New Guinea lies in one of the most tectonically active regions of the world, and while its geological history is complex, it is generally accepted that the formation of the island involves the collision of multiple plates and accretion of multiple island arcs (reviewed in: Baldwin et al. 2012). Starting along the northern edge of the Australian Craton, the island formed over the Cenozoic with the additions of the East Papua Composite Terrane, the Fold Belt, the Accreted Terranes, and the Vogelkop Peninsula (Dow 1977; Pigram and Davies 1987; Pigram and Symond 1991; Crowhurst et al. 1996; Davies et al. 1996, 1997; Hall 2002; Quarles van Ufford and Cloos 2005; Baldwin et al. 2012; Webb et al. 2014; Holm et al. 2019). These processes were initiated by the collision of the northward-moving Australian Plate with the west-northwest-moving Pacific Plate, with the additional interactions of the smaller Philippine, Caroline, and Solomon Sea plates (Kroenke et al. 1984; Kroenke 1996; Hall 1998; Klootwijk et al. 2003), and various other microplates that were shattered off along their edges during convergence. This resulted in sequential accretion of island arcs and subduction or obduction of oceanic and continental crust (Polhemus 2007; Baldwin et al. 2012), to form an island of large size and complex topography, as well as a specific temporal ordering of land connections. The last major addition occurred within the last several million years, involving the rotation and subduction of the South Bismarck Plate at the northern margin to form the most recent component of the Accreted Terranes, adding the Adelbert-Finnisterre terrane containing the Huon Peninsula, and bringing the New Britain Island arc into the closest proximity to the mainland that it has ever been (Baldwin et al. 2012).

In addition to the “recent emergence” hypothesis, two additional geological hypotheses have particular relevance for biotic diversification and differ with regard to the timing and assembly of the northern coastal terranes.

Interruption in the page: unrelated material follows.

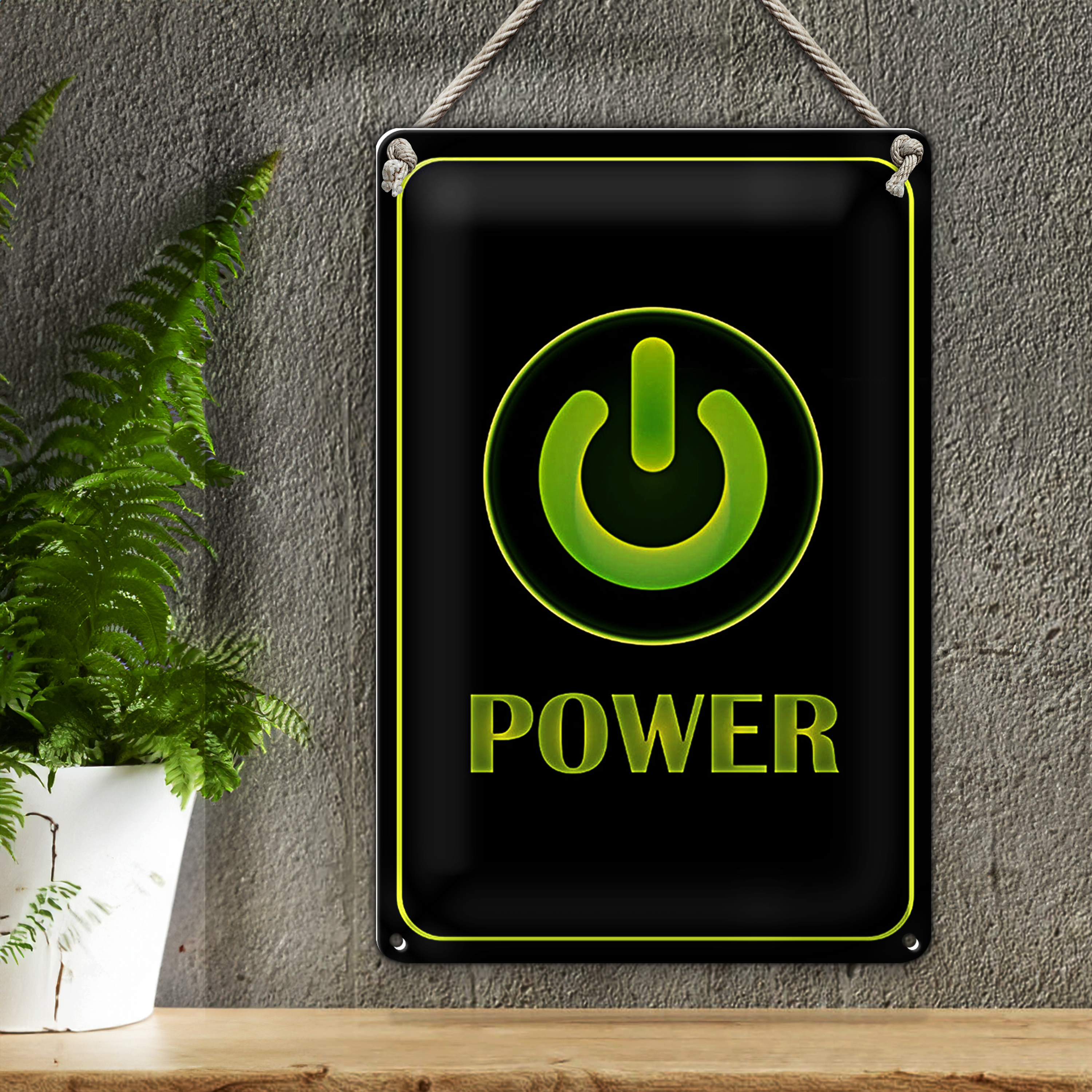 Blechschild Hinweis 20x30cm Power Taste Wanddeko

The “Mobile Belt” hypothesis posits that the Accreted Terranes were assembled offshore into a single unit during the Late Oligocene (25–23 Ma), and subsequently docked onto the growing mainland in the mid-Miocene (15–11 Ma; Dow 1972, 1977; Davies 2012) giving rapid rise to the central high mountains in the Fold Belt (Quarles van Ufford and Cloos 2005; Webb et al. 2014; Holm et al. 2019). Alternatively, several authors hypothesize that accretion along the northern coast has been a “slow and steady” process extending from the Late Cretaceous to the Pleistocene (Pigram and Davies 1987; Davies et al. 1996; Quarles van Ufford and Cloos 2005). Under this scenario, the ECPT is a composite of terranes, which accreted onto a displaced sliver of the Australian Craton beginning with an arc collision in the Paleocene/Eocene, and then suturing to the main body of New Guinea in the Late Oligocene to Middle Miocene (30–25 Ma, Davies et al. 1997), while the addition of the Accreted Terranes in the northern part of mainland New Guinea began in the Paleocene in the west (68 Ma) and extended until the Pliocene (5–2 Ma) in the east, the most recent ongoing addition being portions of the New Britain Island arc. The orogeny of the central high mountains is proposed to have occurred in the mid-Miocene (15–11 Ma), together with docking of the Vogelkop Peninsula in the west (Pigram and Davies 1987; Polhemus and Polhemus 1998; Quarles van Ufford and Cloos 2005; Davies 2012), although Holm et al. (2019) hypothesize that Vogelkop sutured onto the western edge of New Guinea more recently, in the Late Miocene (7–3 Ma). Each of these geological models provides very different spatio-temporal implications for the evolution of biodiversity.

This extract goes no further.